$1 million Washoe bridge dedicated
A bridge can be many things to many people. To some, it may be the physical representation of drafted lines on blueprint paper, to others it’s just an easier way to get across a river, and to still others, it’s a symbolic pathway.
Friday, the $1.07 million Washoe Tribal Bridge, located four miles south of Gardnerville on the East Fork of the Carson River, was dedicated by those who made its existence possible, ending nearly four years of discussion, planning and teamwork. The 200-foot, three-span concrete bridge now opens up the east side of Washoe Tribe land with easier access to businesses and homes in Dresslerville.
Tribal Chairman Brian Wallace and other Washoe Tribe members were joined at the dedication by representatives from the U.S. Senate, the Bureau of Indian Affairs, Washoe Tribe of Nevada and California, U. S. Forest Service, Douglas County, Federal Highway Administration and the Federal Emergency Management Agency.
n Teamwork lauded. At the dedication, Wallace lauded the teamwork that built the bridge, a replacement for a structure heavily damaged during the 1997 New Year’s flood. Choosing not to simply repair the original “low water” bridge, designed to allow water to flood over its top, a team of experts opted to build a new structure, raising it 15 feet with the intent of making it flood-proof.
“We always hesitate to say that, but it would be hard to imagine this bridge failing,” said Dennis Black, the bridge’s FHA project engineer from Lakewood, Colo. “God does some funny things sometimes.”
Following a prayer in the traditional Washoe language by Tribal elder Dina Pete, Wallace spoke about the teamwork, which he said symbolizes what he hopes the future can bring.
“We couldn’t have done it without this group, without each one of you,” he said. “We’re grateful for our friends and we look forward to working together for the sake of all of us and our children.”
Sen. Richard Bryan, scheduled to be at the ceremony as one of his last official duties before leaving office Friday, was caught in the Midwest ice storms and unable to attend, said Tom Baker, Bryan’s rural area director.
“He called from Oklahoma to say he wouldn’t be able to be here, but he was always very concerned that we get this bridge built,” Baker said. “When Dan Kaffer took the senator on his last rural tour, Sen. Bryan was concerned at that time about replacing the bridge with another low water structure. He thought we should instead build a bridge that would withstand future floods. This is more than a bridge and the two pieces of land it connects – it’s a symbol of coming together and working together for the county, the state and the nation.”

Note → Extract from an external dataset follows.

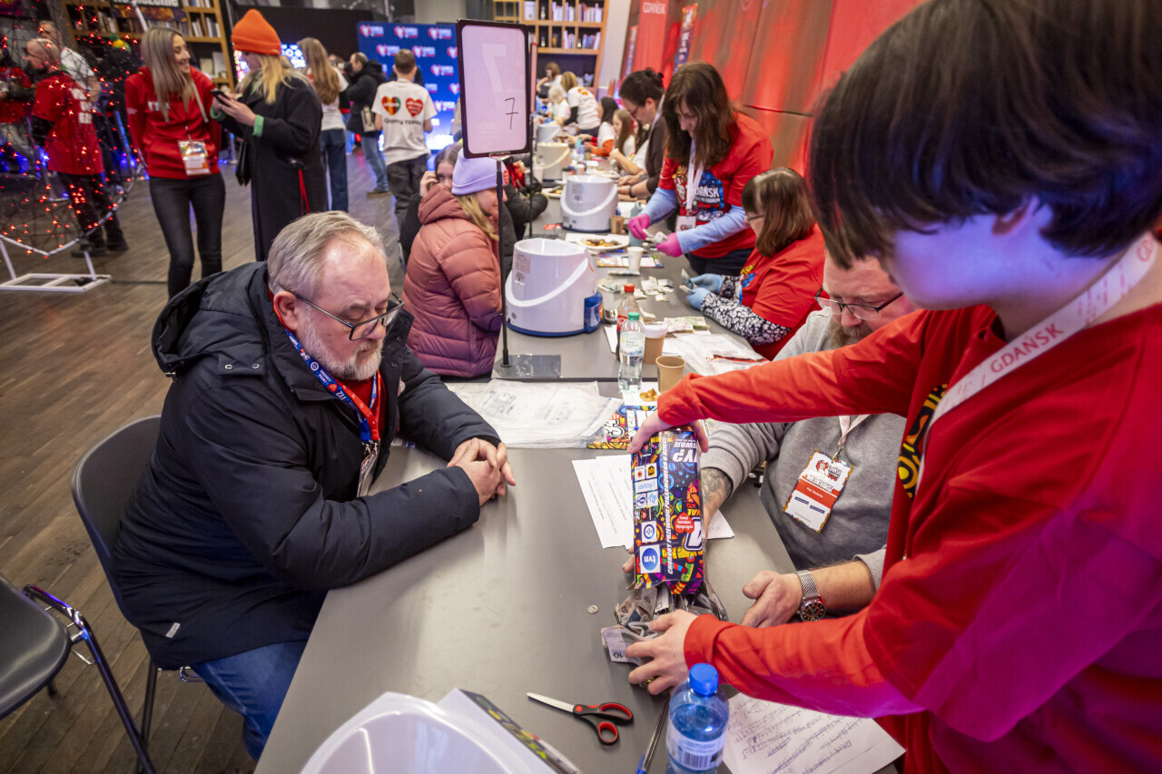 Gdańsk. W dniu 34 finału Wielkiej Orkiestry Świątecznej Pomocy na ulice miasta ruszyło tysiące wolontariuszy. W Europejskim Centrum Solidarności ulokował się główny sztab WOŚP. Nz. Poseł Piotr Adamowicz rozlicza się z zebranych pieniędzy

Douglas County Commissioner Bernie Curtis, a member of the Carson Water Subconservancy District board said the “excellent partnership between government entities,” since working on the aftermath of the 1997 flood, was a great beginning and something to be continued.

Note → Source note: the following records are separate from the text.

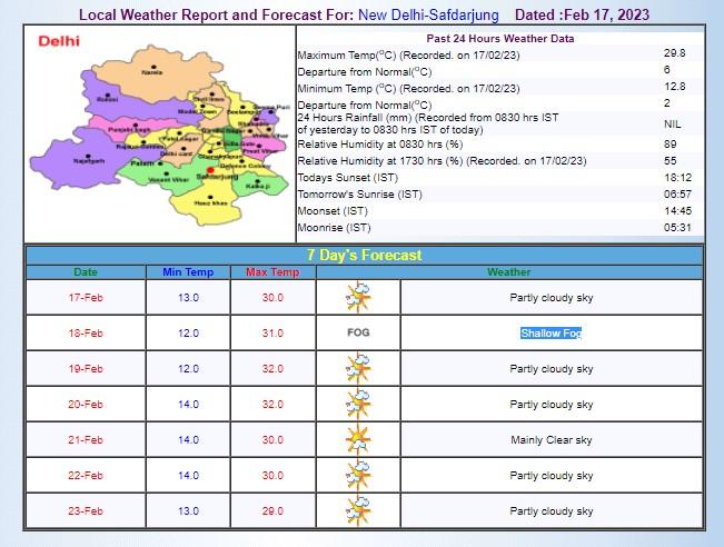 देश की राजधानी दिल्ली में आज यानी 18 फरवरी को न्यूनतम तापमान 13 और अधिकतम तापमान 30 डिग्री दर्ज किया जा सकता है. वहीं, हल्का कोहरा भी दिल्ली में रह सकता है. मौसम पूर्वानुमान एजेंसी स्काईमेट की मानें तो इस बार फरवरी में एक भी दिन बारिश नहीं हुई है, लेकिन 19 और 20 फरवरी को दिल्ली में बादल छाए रह सकते हैं.
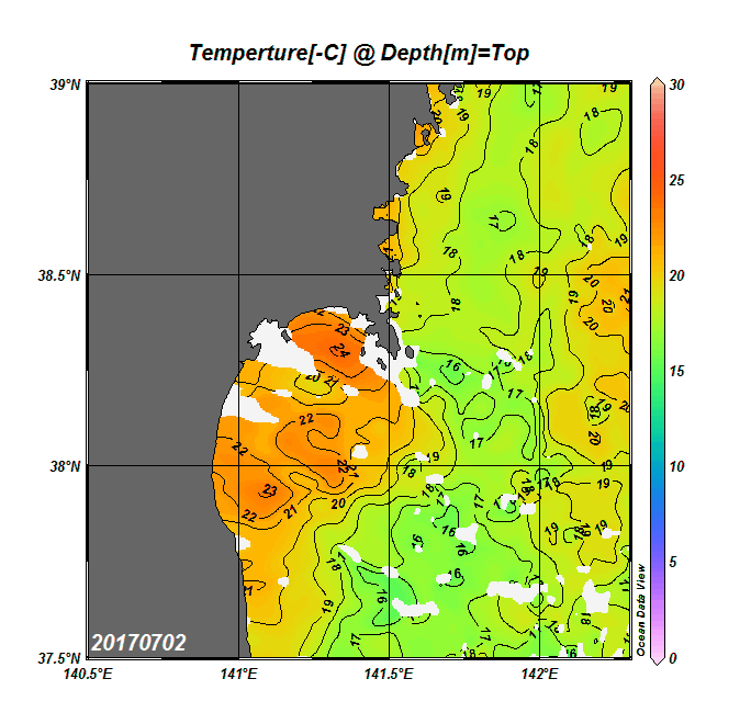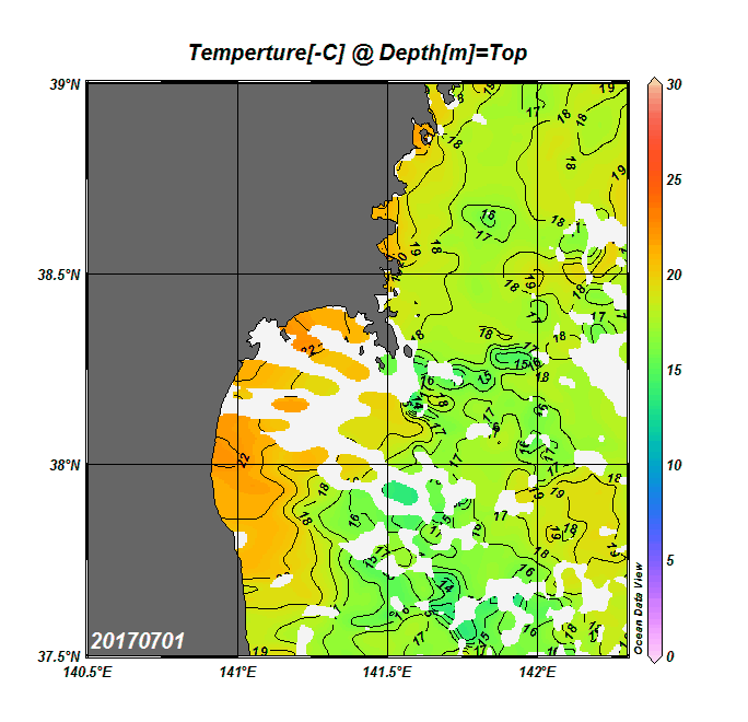 仙台湾付近表面水温(過去のデータ)
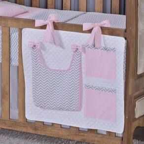 Porta Treco e Fralda Organizador Quarto de Bebê Menino Menina 1 Peça Com Laço Cor: Chevron rosa O porta fraldas é ideal pra ter sempre a mão os produtos mais no dia a dia com seu bebê. Nosso porta fralda/treco tem 2 bolsos menores, onde podem ser colocados produtos pequenos, e 1 bolso maior pra colocar as fraldas, roupas, toalhas ou itens maiores. Praticidade e decoração em um só produto. Sugestão de uso: Pendurado em varão ou no berço Contém na embalagem: 1 porta fraldas Medidas: 64cm larg x 54cm alt - 1 bolso 37cm alt x 27cm larg x 5cm prof - 2 bolsos 21cm alt x 18cm larg Composição: Matelado de microfibra 100% poliéster Tecido estampado e liso percal 180 fios 100% algodão - Foto ilustrativa, tonalidade da cor pode variar um pouco no produto real Produtos fabricados em Ibitinga-SP, a Capital Nacional do Bordado e do Enxoval. Marca: Não Informado
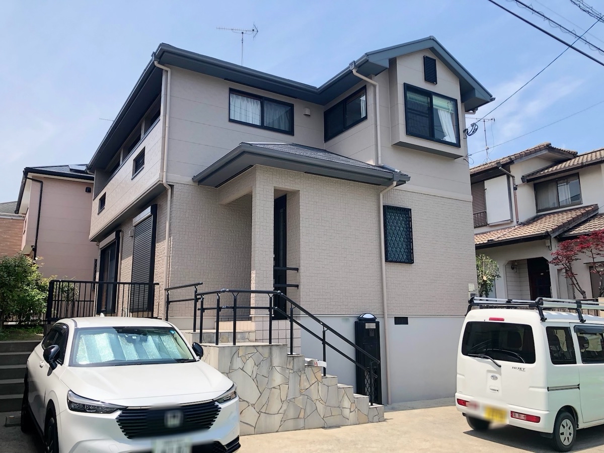 春日市松ヶ丘 S様邸🏡 完工✨外壁:ベイジュ8083・ 屋根:付帯部:ニンバス8082
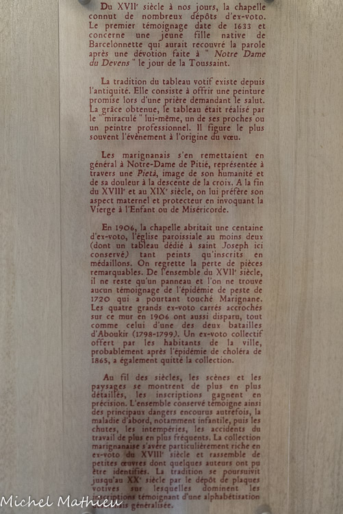 Chapelle Notre-Dame-de-Pitié Sur deux ex-voto datés, de 1848 et 1861, apparaît une Pietà copiée d’après le tableau de l'ancien retable de la chapelle.

“We’re all partners in the stewardship of the river,” he said.
County Commissioner Kelly Kite, also on the same board as well as the NRCS board, said the last four years had created a symbolic bridge between the Tribe and the county.
“This is really important,” he said. “It’s more than just a bridge.”
n Bald eagle sighted. Dan Kaffer, Western Nevada Resource Conservation and Development Coordinator, said he’d taken his family fishing at the site Thursday and had seen some impressive birds on the river.
“First, we saw a great blue heron and it took off, and then we saw a bald eagle and it caught a big German brown trout and flew into a tree to eat it,” he said. “It was awesome. That’s what this is all about – protecting our natural resources. We have a beautiful river and we need to protect it with projects like this one.”
Also on hand at the dedication was Bob Vaught, USFS supervisor, who said he hopes this project paves the way for good relations between the Tribe and the Forest Service.
“We’re proud to be just a small part of this effort,” he said.
Bob Hunter, superintendent of the Western Nevada Agency of the BIA, said he appreciated the way the project brought the county and the federal governments together.
“It’s a great accomplishment,” he said.
Wanda Batchelor, Tribe vice-chairperson, said many Tribe members worked on the project, including her husband who is an ironworker.
Granite Construction was awarded the $1.07 million contract in February and the bridge was completed Tuesday. Black said the last few details would be wrapped up in the next couple of weeks.
n Speeders not welcome. Wallace said that amidst all the congratulations, one concern has now moved into the fast lane for the Tribe.
“We want to make sure that the traffic through our community doesn’t increase, especially those coming through (Dresslerville) too fast,” he said. “Our children play here and we will have increased enforcement of speeding on tribal lands. It was much quieter when the bridge was out. We are truly grateful for this bridge and we hope people will be respectful and drive the speed limit when they come through.”